There’s not much more to the picture than to enjoy Willie hoodwinking everybody in sight. But he’s such a performer to watch that you will be rooting for him rather than his sad sack brother-in-law who you know has paid-up membership of the Suckers Union.

Not for the first time, foreign distributors felt they were saddled with an unworkable title so in
the UK it became Meet Whiplash Willie even though the idea of the con of the whiplash
injuries in supposed car accidents was more prevalent in the US than Britain.

There’s some neat observations of the way law firms work, and the way medical experts refuse to commit in case they are later sued for a wrong diagnosis, and there’s some cute stuff about nuns with the gambling habit and seeing Boom Boom fall apart with guilt. But given the movie’s running time and the talent involved – script by Billy Wilder and I.A.L. Diamond (Some Like it Hot, 1959) and directed by the said Wilder –  it’s not as funny as it could be and sometimes it feels like they’re scraping the barrel to squeeze out an unfunny joke.

But it hardly matters. This could be Fail Safe and with this Walter Matthau persona on the loose you wouldn’t care tuppence if the Russians bombed the hell out of everyone as long as Matthau was in the middle of the action, working out how to chisel a bigger piece for himself, and playing everyone for the dumb schmucks they are.

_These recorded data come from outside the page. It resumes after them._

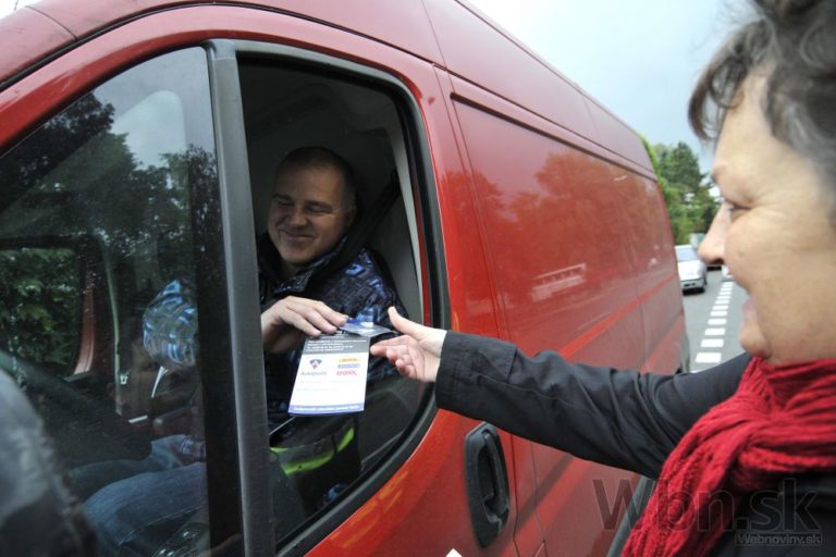 Vodič dostáva upomienkové predmety počas 6. ročníka dopravno-výchovnej akcie pri príležitosti Svetového dňa bielej palice, ktorú organizuje Únia nevidiacich a slabozrakých Slovenska v spolupráci s Prezídiom Policajného zboru v 51 mestách na Slovensku. Trenčín, 15. október 2015. Foto: SITA/Tomáš Somr
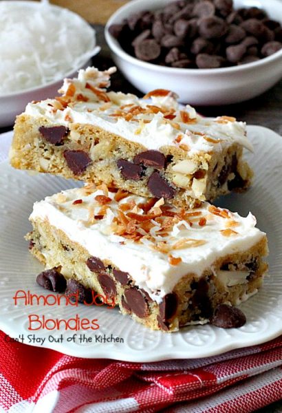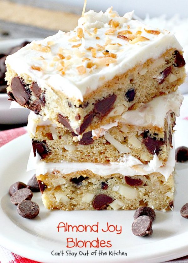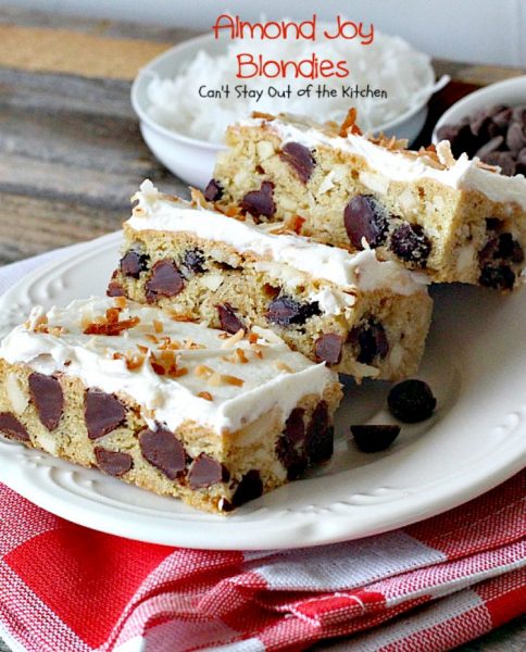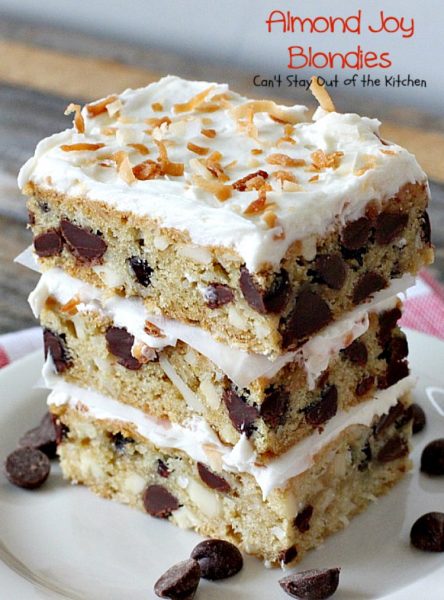 Death by Chocolate – that’s what Almond Joy Blondies are! Prepare yourself for one of the richest desserts ever! Mouthwatering, tempting, decadent, tantalizing and utterly delectable. These blondies are filled with double the chocolate chips, coconut and slivered almonds. Then they’re topped with a light, creamy buttercream frosting and sprinkled with toasted coconut. Say, “Yes!”
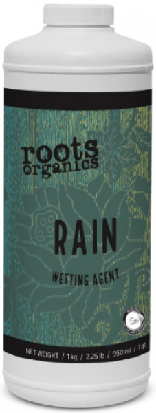 GUARANTEED ANALYSIS Active Ingredient: Yucca schidigera extract (wetting agent) 80.0% Active Ingredient: Quillaja saponaria extract (wetting agent) 16.0% Inert Ingredient: Aloe vera extract 4.0% Roots Organics Rain promotes water penetration and aids in the dispersion of foliar applications. A combination of the natural wetting agents yucca and quillaja, this product reduces water surface tension and enhances the movement of solutions and soluble nutrients throughout the rhizosphere. By reducing surface tension and increasing the leaf surface to active fertilizer or control, Roots Organics Rain enhances the effectiveness of foliar-applied agents. Use this product to assist water infiltration, increase volumetric moisture content of media, reduce evaporative water loss, improve irrigation efficiency, and equalize the osmotic differential in soil and soilless media by mediating more uniform moisture distribution. A powerful gardening tool, Roots Organics Rain is designed for both foliar and root zone application. AVAILABLE IN 1QT / 1GAL / 2.5GAL / 5GAL COMMERCIAL SIZES 15GAL / 55GAL / 265GAL APPLICATION RATE Foliar Adjuvant Add 1 - 3 tsp per gallon (5 - 15 ml) to your final spray solution. Apply to foliage just before the lights are turned off and allow plants to dry before lights are turned on. Do not apply during final weeks of flower. Container Gardening Add 1/2 tsp - 1 tsp per gallon (2.5 - 5 ml) to fertilizer solution. If media is difficult to wet, then add a small amount of fertilizer solution to each container and return in 15 minutes to add the rest. Use with any fertilizer program or water to enhance solution dispersion. Vegetable Gardens and Flower Beds Add 5 – 7.5 TBS per 10 gallon (75 - 110 ml) to fertilizer solution. R

After this Walter Matthau – as unlikely a mainline star as Lee Marvin or Charles Bronson – never looked back. Unlike other major stars he never had to be completely trustworthy and was almost virtually responsible for bringing a severe dose of cynicism to the forefront of American acting. He could charm you if he set out to do so, but you better keep your wits about you because the chances are he would be robbing you blind.

If The Odd Couple (1967) set the seal on one of Hollywood’s greatest comedy partnerships, The Fortune Cookie was where it all began. Lemmon isn’t bad, just out-acted, and we’ve seen his whiny/forlorn/dumb act many times before. Judi West (A Man Called Gannon, 1968) has the other plum role as the blonde who is anything but dumb and would have proved an ideal partner for Gringrich except he would have seen through her too easily. Ron Rich (Chubasco, 1968) plays the only other character who isn’t spun out of a cliché.

Below par Wilder redeemed by heavenly performance by Matthau.